A visage à peine couvert se dessine la vision fondamentalement anti-démocratique du monde que le néolibéralisme véhicule. Dans La route de la servitude (3), Hayek écrit : "L'usage efficace de la concurrence en tant que principe d'organisation sociale exclut certains types d'intervention coercitive dans la vie économique, mais il en admet certains autres qui peuvent parfois l'aider considérablement, et exige même certains genres d'action gouvernementale." Quelques chapitres plus loin, il clarifie son propos: "Il n'y a rien de bas ni de déshonorant à approuver une bonne dictature honnête. [...] Sans aucun doute, un système 'fasciste' instauré en Angleterre serait très différent de ses modèles italien ou allemand."

A la même époque Wilhelm Roepke, chantre de l'ordo-libéralisme allemand et co-fondateur de la Société du Mont Pèlerin, n'hésitait pas lui aussi à défendre les vertus d'une démocratie "autoritaire": "Si la concurrence ne doit pas agir comme un explosif social ni dégénérer en même temps, elle présuppose un encadrement d'autant plus fort, en dehors de l'économie, un cadre politique et moral d'autant plus solide: un État fort."(4)

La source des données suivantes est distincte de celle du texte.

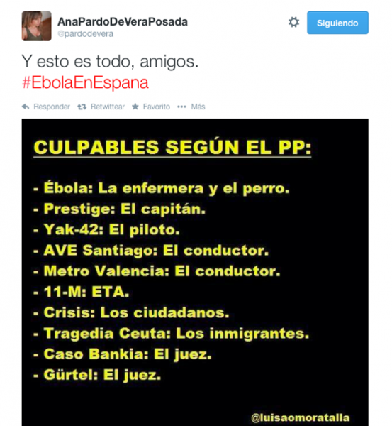 Poniendo el foco en la enfermera, encontrando alguien a quien culpar, alguien con cara y ojos y voz, empieza a difuminarse toda la larga línea de errores en este contagio.

Aujourd'hui, les ravages de la crise ont conduit à remplacer l'arrogance par une humilité de façade. Le prix dit "Nobel d'économie" Jean Tirole affirme dans le quotidien Le Monde daté du 9 mai 2016 que " l'économie, ma science, n'est pas une science parfaite, on a des incertitudes, des choses qu'on connait mal mais je dis ce que dit la science. L'économie n'est pas au service des intérêts particuliers, ni de la propriété privée (...). Donc l'économiste est neutre fondamentalement". Jean Tirole siège dans la section IV de l'Académie des sciences morales et politiques, dédiée à l'économie politique, à la statistique et aux finances, au côté de Michel Pébereau, l'ancien président de BNP Paribas, Yvon Gattaz, président du CNPF (ex-Medef) entre 1981 et 1986 et Denis Kessler, dirigeant de la SCOR qui a affirmé dans la revueChallenges le 4 octobre 2007: "La liste des réformes? C'est simple, prenez tout ce qui a été mis en place entre 1944 et 1952, sans exception. Elle est là. Il s'agit aujourd'hui de sortir de 1945, et de défaire méthodiquement le programme du Conseil national de la Résistance!"

Nos choix économiques sont des choix de société

Le philosophe de Harvard, Sandel, dans son livre best-seller Ce que l'argent ne saurait acheter, affirme le contraire, puisque nos choix économiques sont pour lui, de fait, des choix de société: "La question des marchés est au fond la question de ce que nous voulons vivre ensemble. Voulons-nous une société où tout est disponible à la vente? Ou y a-t-il des biens publics et moraux que les marchés ne peuvent faire prospérer et que l'argent ne peut acheter?"

Au moment où les responsables du Fonds Monétaire International et de la Banque mondiale s'inquiètent (enfin) des effets négatifs d'un creusement des inégalités de revenus et de patrimoine, et où le modèle même de croissance quantitative est remis en cause par le risque environnemental et climatique, explorer les utopies collaboratives est, à l'opposé des craintes de M. Peyrelevade, une ardente nécessité.